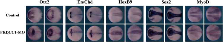 Fig. 8. PKDCC1 regulates anterior neural patterning. Knockdown of PKDCC1 did not change the expression of the axial and the paraxial mesodermal markers Chd and MyoD or the neural marker Sox2, but reduced the expression domain of the forebrain marker Otx2 and shifted the midbrain marker engrailed (En) anteriorly, indicating that PKDCC1 modulated anterior-posterior neural patterning.
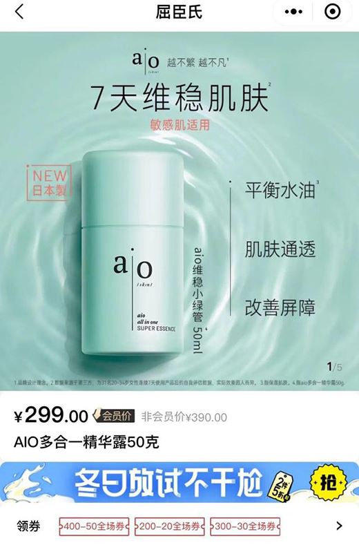 《化妝品財經在線》記者搜索屈臣氏微信小程序和天貓官方旗艦店時發現,目前在線上,屈臣氏已首發aio多合一精華露這一單品,官方售價為390元/50g,恰逢雙十二折扣期,屈臣氏小程序會員價僅售299元。
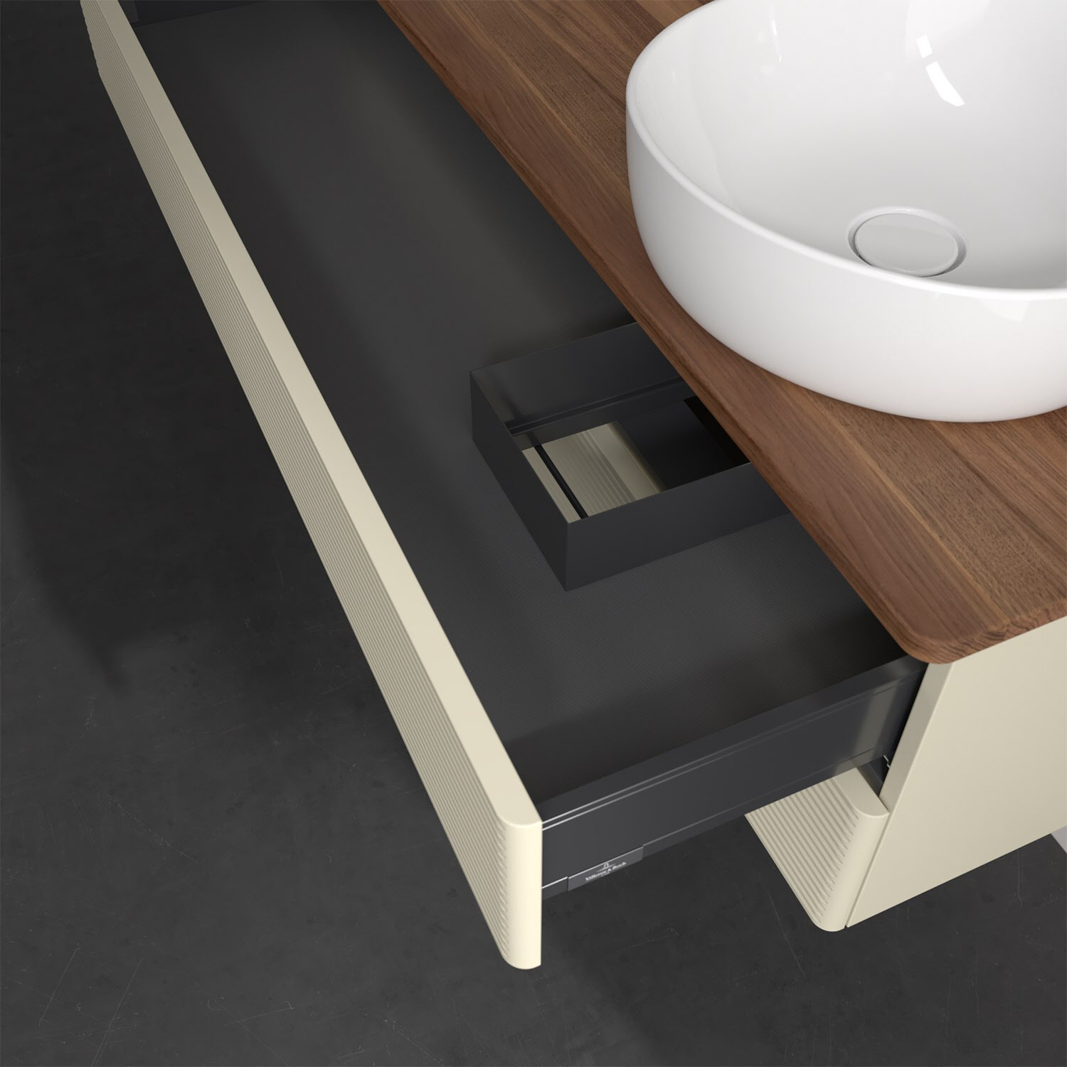 - kein Umfallen oder Verrutschen von Pflegeprodukten in den Schubladen dank rutschhemmendem Boden
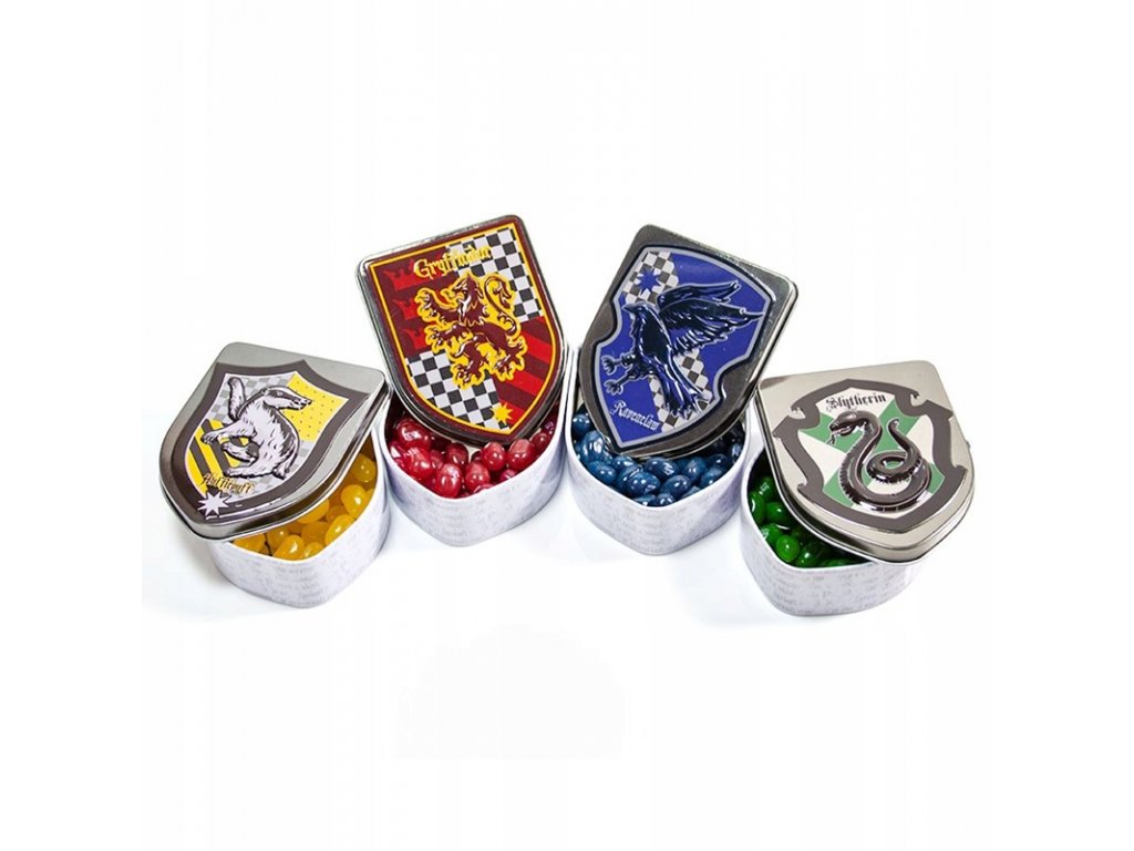 Pyszne owocowe fasolki w czterech metalowych puszkach na których znajdują się cztery godła szkół Hogwartu.

= = = =

→ **ASSIGNMENT**
An exact transcription of the listing is required, and it must contain no pictures.

→ **RESULT OF THIS TASK**
 Fig. 8. PKDCC1 regulates anterior neural patterning. Knockdown of PKDCC1 did not change the expression of the axial and the paraxial mesodermal markers Chd and MyoD or the neural marker Sox2, but reduced the expression domain of the forebrain marker Otx2 and shifted the midbrain marker engrailed (En) anteriorly, indicating that PKDCC1 modulated anterior-posterior neural patterning.
 《化妝品財經在線》記者搜索屈臣氏微信小程序和天貓官方旗艦店時發現,目前在線上,屈臣氏已首發aio多合一精華露這一單品,官方售價為390元/50g,恰逢雙十二折扣期,屈臣氏小程序會員價僅售299元。
 - kein Umfallen oder Verrutschen von Pflegeprodukten in den Schubladen dank rutschhemmendem Boden
 Pyszne owocowe fasolki w czterech metalowych puszkach na których znajdują się cztery godła szkół Hogwartu.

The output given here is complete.